La Navidad al estilo comercial y posmoderno expropia nuestro tiempo y anula la intimidad. Uniforma el pensamiento y neutraliza las costumbres, desnaturaliza las creencias y hace del mundo un enorme centro comercial, con los actores inevitables: la vitrina y sus tentaciones, la propaganda y sus ofertas, y el agobio, la angustia por comprar, por competir, y la gente domesticada, obediente. La masa de autómatas, de consumidores.
La Navidad a la antigua era asunto de creencias, rituales, familia y tiempo. Había intimidad desde la cual compartir. Había tiempo y, por eso mismo, los días eran fértiles y profundos, dejaban huella, crecían en ellos más ilusiones, había vínculos con más afectos, y los hechos, quizá por escasos, dejaban más recuerdos. No teníamos tantas fotos, ni había casi imágenes, pero se guardaba mejor la idea, la emoción de la mañana de regalos y abuelos, de padres y hermanos, de cosas simples y juguetes de lata. Quedaban las impresiones. Hoy, al ritmo que vivimos, no queda casi nada, solo la impresión pasajera y agobiante de un tumulto más que pasó con su ventolera, su alboroto y su basura. Lector, a usted, ¿que le deja la Navidad: cajas vacías, transitorios festejos, y qué más?

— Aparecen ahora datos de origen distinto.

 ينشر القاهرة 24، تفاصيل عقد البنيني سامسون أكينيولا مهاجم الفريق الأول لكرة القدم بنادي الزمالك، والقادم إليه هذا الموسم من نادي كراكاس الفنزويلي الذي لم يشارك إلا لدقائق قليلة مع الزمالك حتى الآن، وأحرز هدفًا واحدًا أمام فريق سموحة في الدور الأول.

La premura que acosa, la velocidad que tiraniza, nos induce a que miremos con desprecio, o con prejuicio y por sobre el hombro, a la poca gente que, pese a todo, se toma su tiempo y vive imperturbable en su espacio. La masa en que estamos sumergidos hace que ya no extrañemos la soledad, la necesaria soledad para imaginar, para leer, para pensar, o simplemente para estar. Hay quienes incluso han perdido el sentido de estar solos. Insensiblemente ha ocurrido la peor de las expropiaciones: la mutilación de la virtud de ser personas que saben acotar y defender su espacio, que quieren poner distancia al tumulto. Y esto, al menos en mi caso, se hace más patente en esta Navidad paradójica que rige al mundo, esta que acaba de pasar, en que se celebra la pobreza y la desnudez, y la humildad del pesebre, con el formidable dispendio que promueve la propaganda.

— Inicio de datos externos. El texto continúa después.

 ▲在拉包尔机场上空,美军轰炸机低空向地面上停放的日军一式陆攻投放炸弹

Hay dos críticas y dos rebeliones que deberíamos promover en estos días: contra la expropiación de nuestro tiempo y contra la expropiación de la intimidad, de ese tiempo y de ese espacio que nos corresponden gozar sin irrupción de la propaganda comercial y de la propaganda política. Sin esos intrusos que se meten por la ventana, por la pantalla, por la computadora, con el estrépito que suplanta la razón y el sentimiento con la vocinglería, la intolerancia y la apelación persistente a que compremos, a que votemos, a que salgamos de nuestro fuero, a que abdiquemos y nos metamos en la mansa y terrible lógica de los rebaños.
Si hay un obsequio que hacernos, que hacerle a la familia y al amigo, debería ser la afirmación de nuestro espacio, nuestra intimidad y nuestro tiempo.